• EXERCISE REQUIREMENTS:
Everything in the records except the pictures needs to be printed again exactly.

::: DATA EXTRACT :::

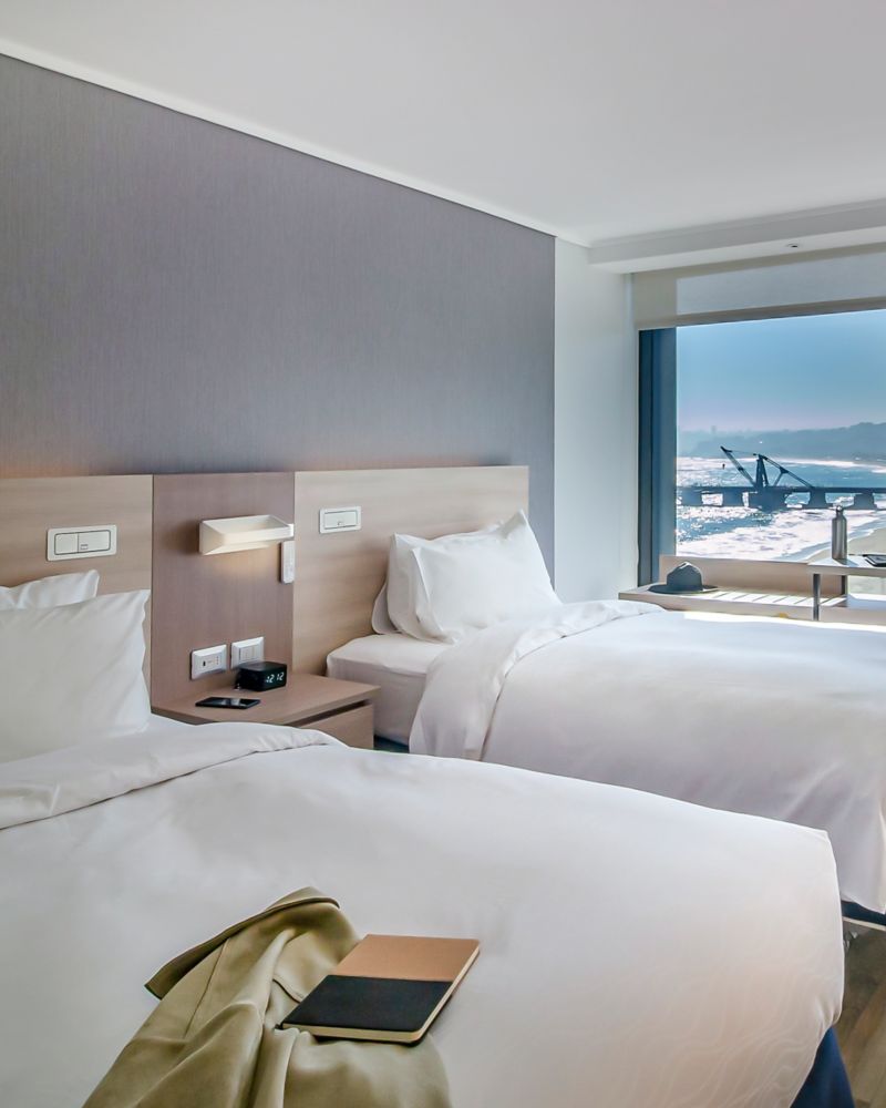 The Twin Deluxe room on the top floor offers a serene retreat with two single beds and a breathtaking sea view. Immerse yourself in a space where creativity meets tranquillity, allowing for moments of rest and comfort. Enjoy the thoughtful amenities and intuitive technologies that make every stay a refreshing haven.
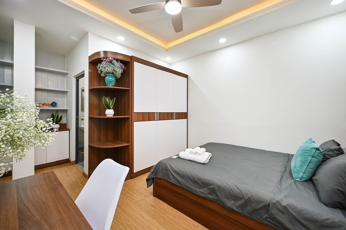 Ivy Room ~ Peaceful Stay in the Heart of Saigon ~ Surrounded by greenery and natural light from large windows, ideal for both short & long-term stays. - What you'll love: •Big window •Quiet, charming alley - relaxing vibe •12 minutes by car from TSN Airport/D1 •Spacious shared kitchen •Washing & drying machines •Motorbike rental •Self check-in •Surrounded by food! - Amenities include: •Elevator •Rooftop terrace •Projector for movie nights •Essentials: hair dryer, toiletries, towels, dental kit
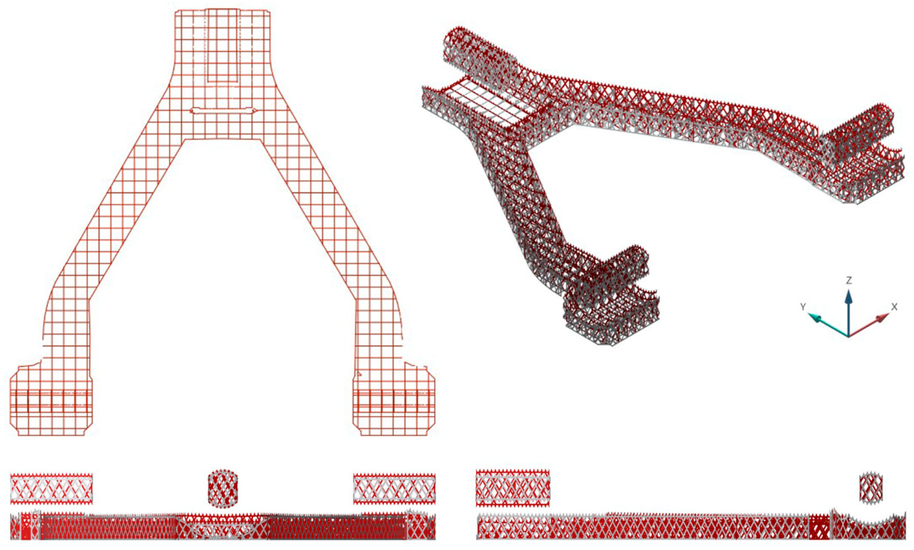 - Optimization was performed for lower von Mises stress, higher natural frequencies, and a more fatigue-safe topology. The emerging part was revised to a smoother geometry, resulting in a 28.5% mass reduction.
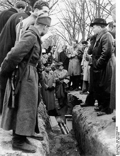 Весна 1956 г. в Берлине выдалась чрезвычайно ненастной. Непрерывные дожди постоянно вызывали множество замыканий в проложенных под землей кабелях телефонной сети. В ночь с 21 на 22 апреля 1956 г. специальная команда советских связистов начала рыть землю в «поисках мест коротких замыканий» (по официальной легенде). В 2 часа 50 минут рабочая группа нашла кабели, идущие от места подключения к люку, размещенному в полу коммуникационной камеры. Так был обнаружен тоннель, на долгие годы ставший предметом множества споров, не утихающих и поныне. Какова же предыстория этого неординарного события?
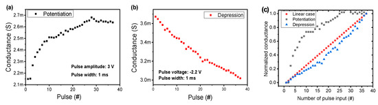 Next, the potentiation and depression were conducted in the Au/Ti/HfTiOx/p-Si device by applying repetitive pulses. For the potentiation, 36 consecutive pulses with an amplitude of 3 V were applied to the device in Figure 6a. The conductance was extracted by the read pulse with 0.5 V after each pulse for potentiation or depression in Figure 6a,b. Although the conductance decreases or maintains at a few points, in most cases, the conductance value gradually increased with repeated pulses. Similarly, for the depression, the 36 consecutive pulses with a pulse voltage of −2.2 V decreased the conductance linearly. Of the 36 pulse responses, only four cases show the opposite tendency and others were all decreased with pulses. To evaluate the linear update of the conductance in the potentiation and depression, nonlinearity (NL) is defined by the formula NL = average (|(G − Glinear)/G| × 100), where G is the conductance value and Glinear is the conductance of the ideal case. The NLs of potentiation and depression are 29.25% and 7.29%, respectively, in Figure 6c.

:::

• ANSWER BELOW:
 The Twin Deluxe room on the top floor offers a serene retreat with two single beds and a breathtaking sea view. Immerse yourself in a space where creativity meets tranquillity, allowing for moments of rest and comfort. Enjoy the thoughtful amenities and intuitive technologies that make every stay a refreshing haven.
 Ivy Room ~ Peaceful Stay in the Heart of Saigon ~ Surrounded by greenery and natural light from large windows, ideal for both short & long-term stays. - What you'll love: •Big window •Quiet, charming alley - relaxing vibe •12 minutes by car from TSN Airport/D1 •Spacious shared kitchen •Washing & drying machines •Motorbike rental •Self check-in •Surrounded by food! - Amenities include: •Elevator •Rooftop terrace •Projector for movie nights •Essentials: hair dryer, toiletries, towels, dental kit
 - Optimization was performed for lower von Mises stress, higher natural frequencies, and a more fatigue-safe topology. The emerging part was revised to a smoother geometry, resulting in a 28.5% mass reduction.
 Весна 1956 г. в Берлине выдалась чрезвычайно ненастной. Непрерывные дожди постоянно вызывали множество замыканий в проложенных под землей кабелях телефонной сети. В ночь с 21 на 22 апреля 1956 г. специальная команда советских связистов начала рыть землю в «поисках мест коротких замыканий» (по официальной легенде). В 2 часа 50 минут рабочая группа нашла кабели, идущие от места подключения к люку, размещенному в полу коммуникационной камеры. Так был обнаружен тоннель, на долгие годы ставший предметом множества споров, не утихающих и поныне. Какова же предыстория этого неординарного события?
 Next, the potentiation and depression were conducted in the Au/Ti/HfTiOx/p-Si device by applying repetitive pulses. For the potentiation, 36 consecutive pulses with an amplitude of 3 V were applied to the device in Figure 6a. The conductance was extracted by the read pulse with 0.5 V after each pulse for potentiation or depression in Figure 6a,b. Although the conductance decreases or maintains at a few points, in most cases, the conductance value gradually increased with repeated pulses. Similarly, for the depression, the 36 consecutive pulses with a pulse voltage of −2.2 V decreased the conductance linearly. Of the 36 pulse responses, only four cases show the opposite tendency and others were all decreased with pulses. To evaluate the linear update of the conductance in the potentiation and depression, nonlinearity (NL) is defined by the formula NL = average (|(G − Glinear)/G| × 100), where G is the conductance value and Glinear is the conductance of the ideal case. The NLs of potentiation and depression are 29.25% and 7.29%, respectively, in Figure 6c.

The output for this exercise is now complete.